# Exercise instructions
Restate word for word the lines of the material below, from the line with "An attractive and" to the line with "- 굽기: 달궈진 팬이나", both lines included, and no others.

# Data extract
<<<<
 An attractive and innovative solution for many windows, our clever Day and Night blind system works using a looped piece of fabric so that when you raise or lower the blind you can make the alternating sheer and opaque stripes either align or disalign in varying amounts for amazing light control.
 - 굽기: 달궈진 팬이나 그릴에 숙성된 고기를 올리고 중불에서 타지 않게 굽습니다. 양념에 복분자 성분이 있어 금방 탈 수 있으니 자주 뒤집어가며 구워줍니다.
>>>>
<<<<
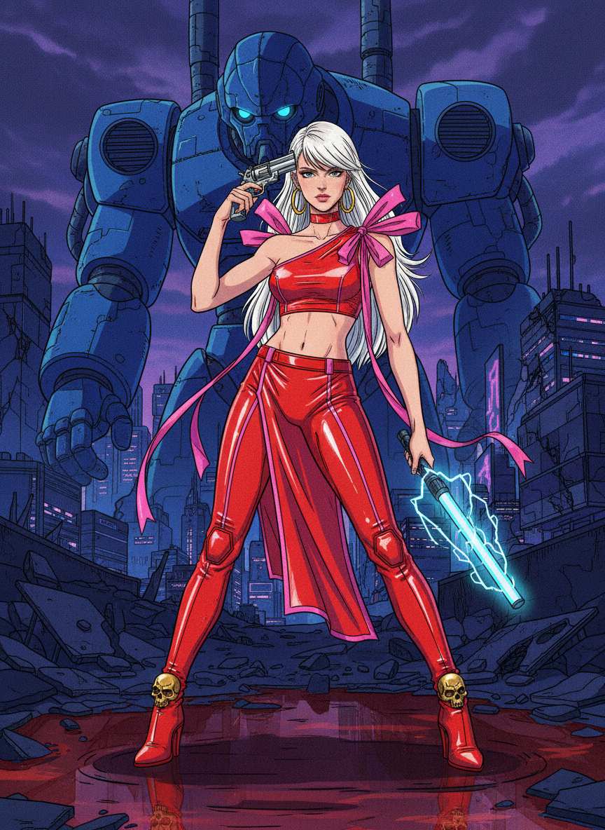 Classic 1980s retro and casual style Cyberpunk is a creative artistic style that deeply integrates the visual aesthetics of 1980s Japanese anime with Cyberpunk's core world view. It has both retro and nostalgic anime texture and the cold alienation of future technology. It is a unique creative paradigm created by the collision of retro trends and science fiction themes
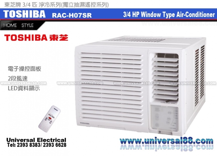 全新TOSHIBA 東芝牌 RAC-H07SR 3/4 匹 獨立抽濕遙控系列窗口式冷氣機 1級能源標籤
>>>>
<<<<
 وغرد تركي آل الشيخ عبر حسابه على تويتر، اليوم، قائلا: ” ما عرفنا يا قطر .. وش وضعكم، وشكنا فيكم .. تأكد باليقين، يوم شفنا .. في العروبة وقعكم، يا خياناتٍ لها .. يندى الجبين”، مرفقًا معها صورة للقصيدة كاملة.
>>>>
# Response for this exercise
 An attractive and innovative solution for many windows, our clever Day and Night blind system works using a looped piece of fabric so that when you raise or lower the blind you can make the alternating sheer and opaque stripes either align or disalign in varying amounts for amazing light control.
 - 굽기: 달궈진 팬이나 그릴에 숙성된 고기를 올리고 중불에서 타지 않게 굽습니다. 양념에 복분자 성분이 있어 금방 탈 수 있으니 자주 뒤집어가며 구워줍니다.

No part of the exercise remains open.